Let me address the remaining issues.
(b) Your function $k_n^\alpha$ is just the pointwise limit of the functions $D^\alpha f_i$. Since the sequence $(D^\alpha f_i)_{i=0}^{\infty}$ satisfies $\sup_{x\in K_n} |D^\alpha f_i(x) - D^\alpha f_j(x)| < \frac{1}{n}$ for $i,j\geq N$, they in particular satisfy $|D^\alpha f_i(x) - D^\alpha f_j(x)| < \frac{1}{n}$ for fixed $x\in K_n$ and $i,j\geq N$. So $(D^\alpha f_i(x))_{i=0}^{\infty}$ is a Cauchy sequence in $\mathbb{C}$ and hence has a limit, which you denote by $k_n^\alpha(x)$. Then for every $\varepsilon>0$ and every $x\in K_n$ you have $k\geq N$ such that $$|k_n^\alpha(x)-D^\alpha f_i(x)| \leq |k_n^\alpha(x)-D^\alpha_k f_k| + |D^\alpha f_k-D^\alpha f_i| < \varepsilon + \varepsilon = 2\varepsilon,$$ i.e. $D^\alpha f_i \to k_n^\alpha$ uniformly on $K_n$
(d) It isn't.

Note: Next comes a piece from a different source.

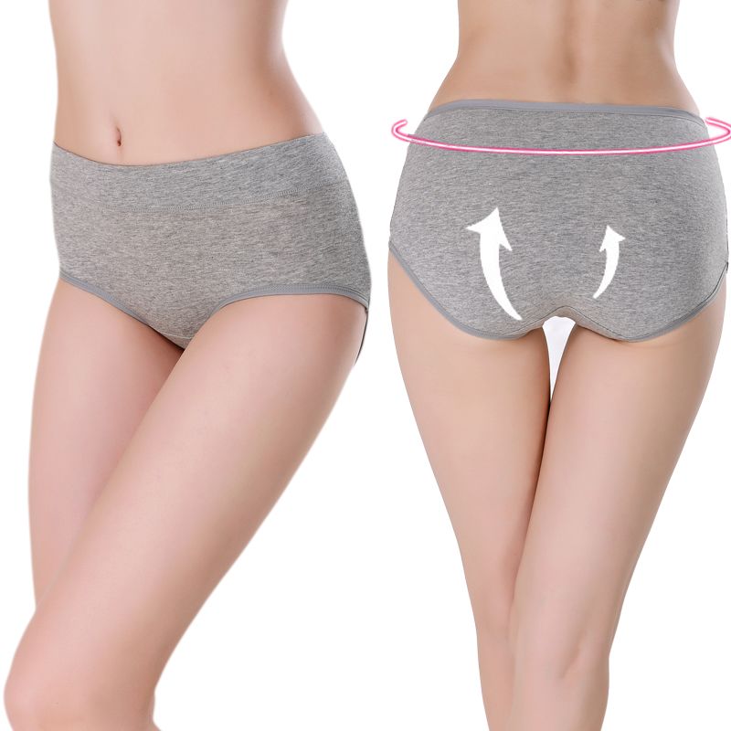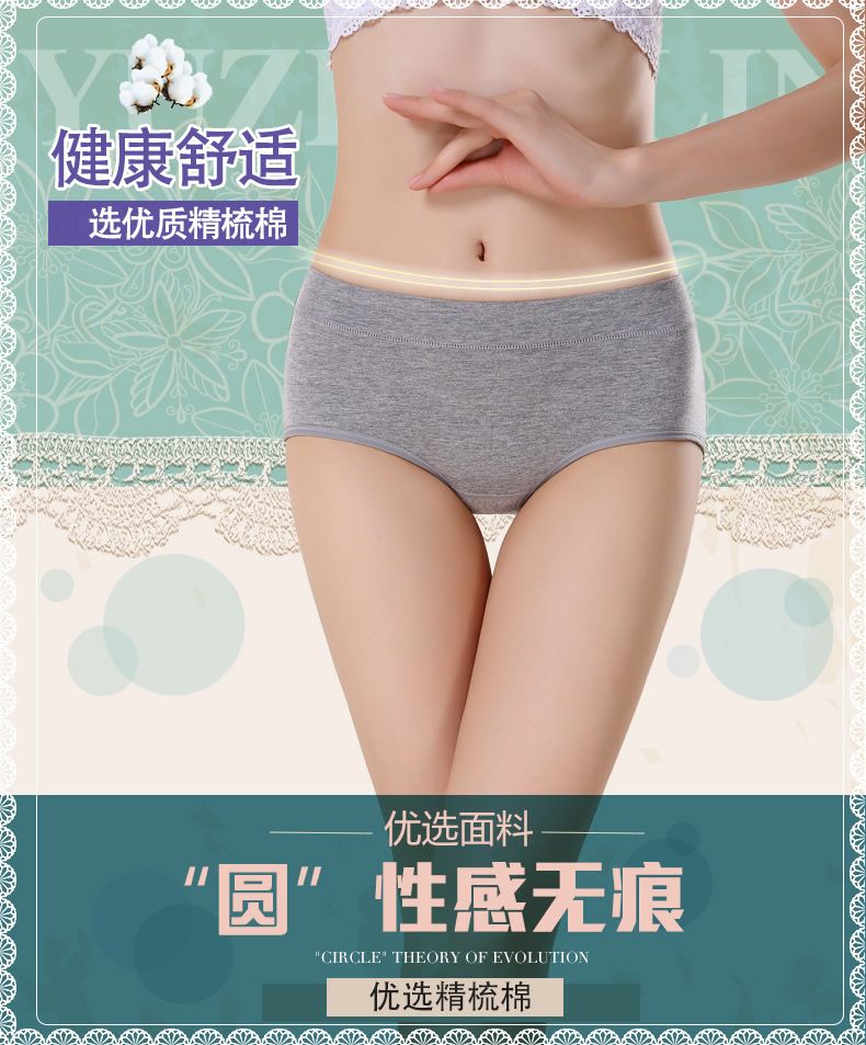 [粉黛妃,5条5色装]女中腰95%棉 纯色收腹提臀美体女内裤棉料透气

You only have for $$\sup_{x\in K_n} |D^\alpha f_i(x)-g_\alpha(x)| \to 0$$ for every $n\in\mathbb{N}$. But this is what you need: uniform convergence of every derivative on every compact subset of $\Omega$.
(g) Let us use the notation $p_n(f) = \sup_{x\in K_n} \max_{|\alpha|\leq n} |D^\alpha f(x)|$. Here you may observe that $$ \frac{p_n(f-g)}{1+p_n(f-g)} \leq 1$$ for every $f,g$ (since $\frac{x}{1+x}\leq 1$ for every non-negative number $x$). Now given $\varepsilon>0$ pick an $N$ such that $2^{-n}\leq \varepsilon$ for all $n\geq N$. Hence $$\sup_{n\geq N} \frac{2^{-n}p_n(f_i-g_0)}{1+p_n(f_i-g_0)} < \varepsilon$$ and you are left with $$\max_{n < N} \frac{p_n(f_i-g_0)}{1+p_n(f_i-g_0)}$$ The previous steps show that for every $n$ there is an $N_n$ such that $p_n(f_i-g_0)< \varepsilon$ for all $i\geq N_n$. Pick $K:=\max_{n<N}N_m$ and hence $p_n(f_i-g_0)<\varepsilon$ for $i\geq K$ and $n< N$. This now gives $$\sup_{n}\frac{2^{-n}p_n(f_i-g_0)}{1+p_n(f_i-g_0)} = \max\left\{ \max_{n< N} \frac{2^{-n}p_n(f_i-g_0)}{1+p_n(f_i-g_0)}, \sup_{n\geq N} \frac{2^{-n}p_n(f_i-g_0)}{1+p_n(f_i-g_0)} \right\} < \varepsilon$$ which finishes the proof.